Question

The elastic energy stored per unit volume in a stretched wire is
(A) \[\dfrac{1}{2}\dfrac{(stress)}{Y}\]
(B) \[\dfrac{1}{2}\dfrac{{{(stress)}^{2}}}{Y}\]
(C) \[\dfrac{1}{2}\dfrac{{{(stress)}^{2}}}{{{Y}^{2}}}\]
(D) \[\dfrac{1}{2}\dfrac{(stress)}{{{Y}^{2}}}\]

Answer 1

Hint:When we stretch a wire, the interatomic forces that exist within it will oppose the change that occurs in it , that is, a restoring force occurs in the string and it is applied by the interatomic molecules. The work that is done against the restoring forces is stored as its elastic potential energy.

Complete step by step solution:
When a force F is applied on a wire by causing the length to elongate from $l$ to $\Delta l$. During the process of elongation, the restoring force applied by the wire on the system will increase from 0 to F.

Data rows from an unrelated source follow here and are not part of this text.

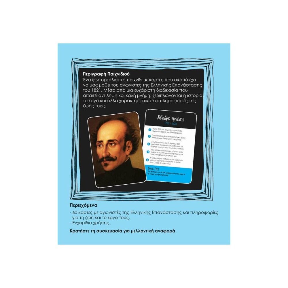 Learning Tube Εκπαιδευτικό Παιχνίδι Ήρωες του 1821Ένα πρωτότυπο παιχνίδι με κάρτες για τη γνώση της ζωής και του έργου των αγωνιστών της Ελληνικής Επανάστασης του 1821! Ένα φωτορεαλιστικό παιχνίδι, χωρίς σκίτσα αλλά με τις πραγματικές φωτογραφίες των ηρώων ώστε να τους μάθουμε όπως πραγματικά υπήρξαν. Το επιτραπέζιο – Ήρωες του 1821 – μπορεί να παιχτεί από 2 ή περισσότερους παίκτες και είναι κατάλληλο για ηλικία από 8 ετών.
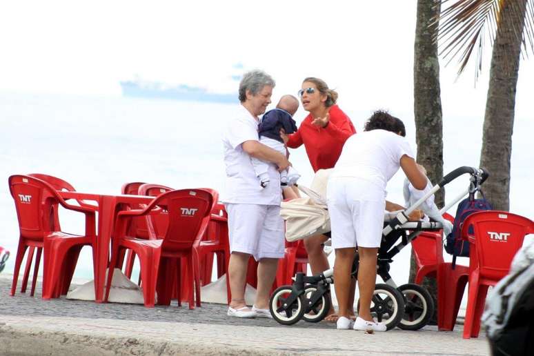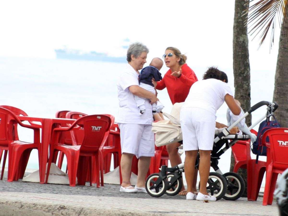 Mulher de Marcelo Serrado, a bailarina Roberta Fernandes, levou os gêmeos Felipe e Guilherme para um passeio pela orla de Ipanema, acompanhada de duas babás
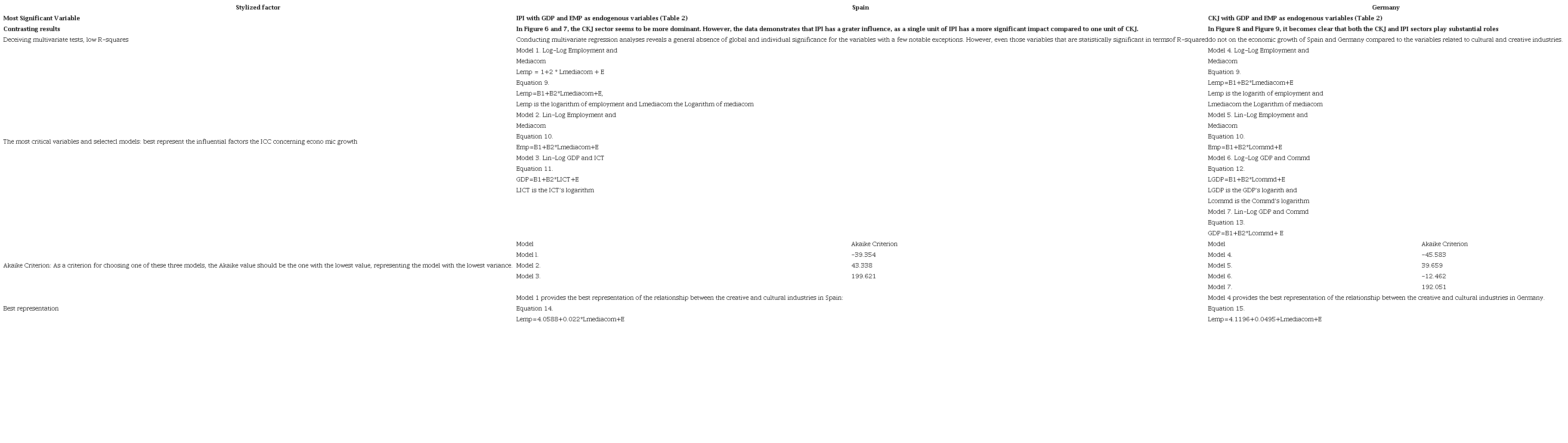 After examining the high R-squared values of the models, three models were selected for Spain and four models for Germany. The Akaike criterion was applied to determine which model had the lowest variance. Ultimately, both Spain and Germany were fitted with a Log-Log model with the endogenous variable being the logarithm of employment and the exogenous variable being the logarithm of jobs in media and communications, which corresponded to the CKJ sector.
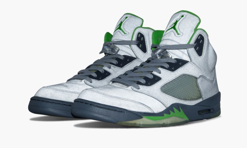 This unique colorway of the Air Jordan 5 from 2006 features a reflective silver upper accented with ??Green Bean?? throughout.
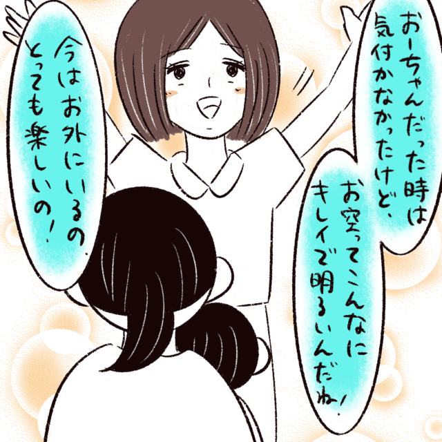 「おーちゃんだった時は気付かなかったけど、お空ってこんなにキレイで明るいんだね!今はお外にいるのとっても楽しいの!」明るい表情でそう話すさあやちゃん。以前は親に言われて公園などで時間を潰すしかなかったさあやちゃんですが、今は外にいることが楽しいと言います。
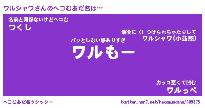 | ファンタジー風あだ名 | 『ワルフェル』『エターナルワルシャワー』 |
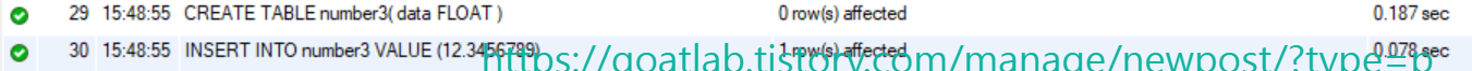 | FLOAT (4byte) | 정수부와 실수부를 합쳐 6자리의 숫자를 입력할 수 있 |
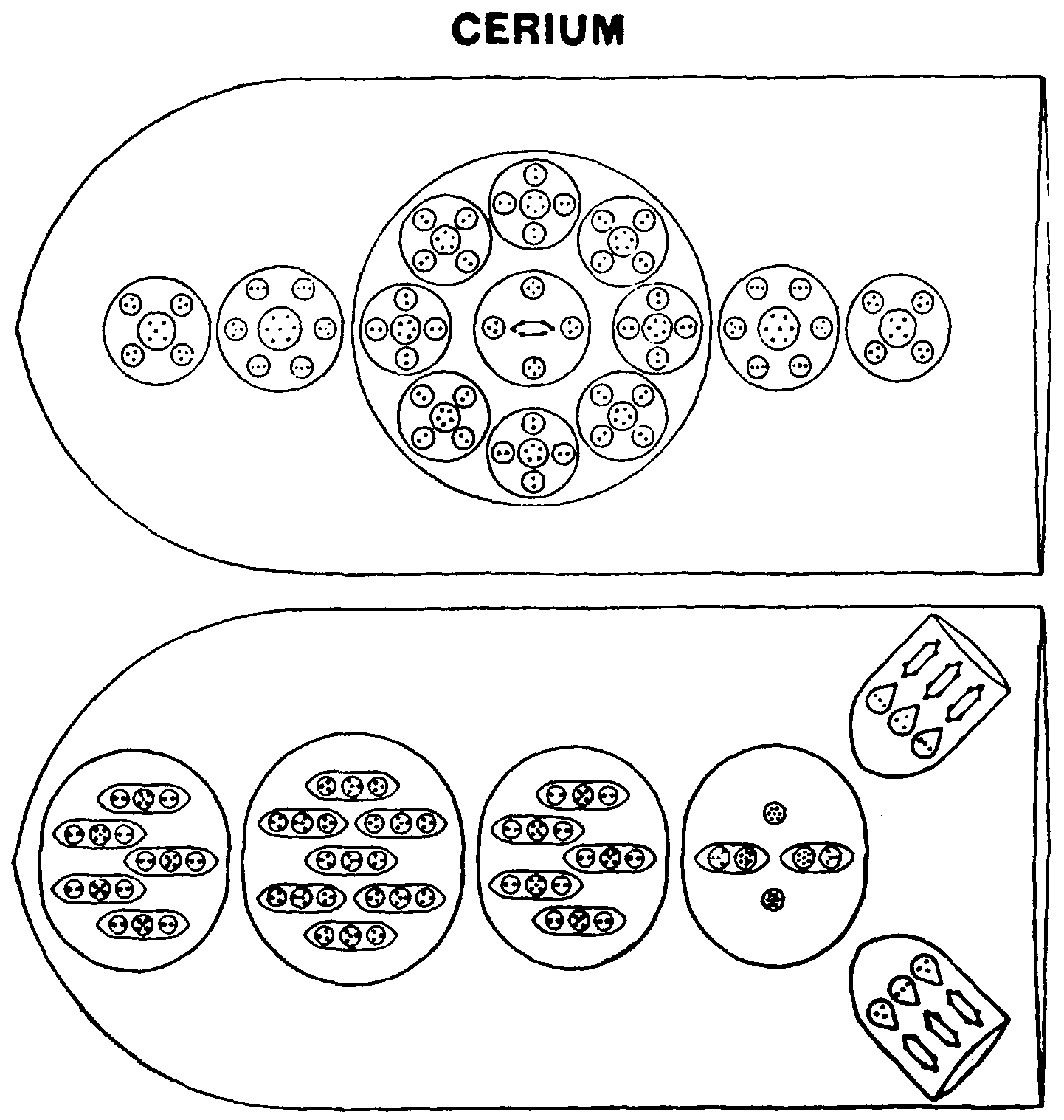 Type B. These funnels are very similar to those in Cerium. We have first the Ca160, next the Ce36 group, and then the two funnels of Carbon, still without their linking Anu. In addition a small ovoid, Gell, containing two triplets and a quintet, floats at the mouth of the funnel The total number of Anu is 260.

Hence, the average increase in the internal force applied by the wire would be $\dfrac{0+F}{2}=\dfrac{F}{2}$
Hence the work done would be $W=\dfrac{F}{2}\Delta l$ (product of average force and increased length)
Since the work done is stored as the elastic potential energy U,
$\begin{align}
& U=\dfrac{F\Delta l}{2}=\dfrac{F\Delta l(Al)}{2(Al)}=\dfrac{1}{2}(\dfrac{F}{A})\times \dfrac{\Delta l}{l}\times Al \\
&\Rightarrow U=\dfrac{1}{2}\times stress\times strain\times volume \\
\end{align}$
Potential energy per unit volume is
$U=\dfrac{1}{2}\times stress\times strain$
Young’s modulus Y is the ratio between stress and strain. Expressing strain in terms of Y gives
$\therefore U=\dfrac{1}{2}\times \dfrac{{{(stress)}^{2}}}{Y}$

Thus, option B is the correct answer.

Note:Students must note the point that stress is a dimensionless figure whereas strain has the dimension of pressure.Also, young’s modulus can be defined as the ratio of the longitudinal stress to the longitudinal strain, within the elastic limits. Now, elastic limit is the maximum stress within which a body is able to regain its former shape and size after the removal of deforming force. All these small definitions are necessary for problem solving.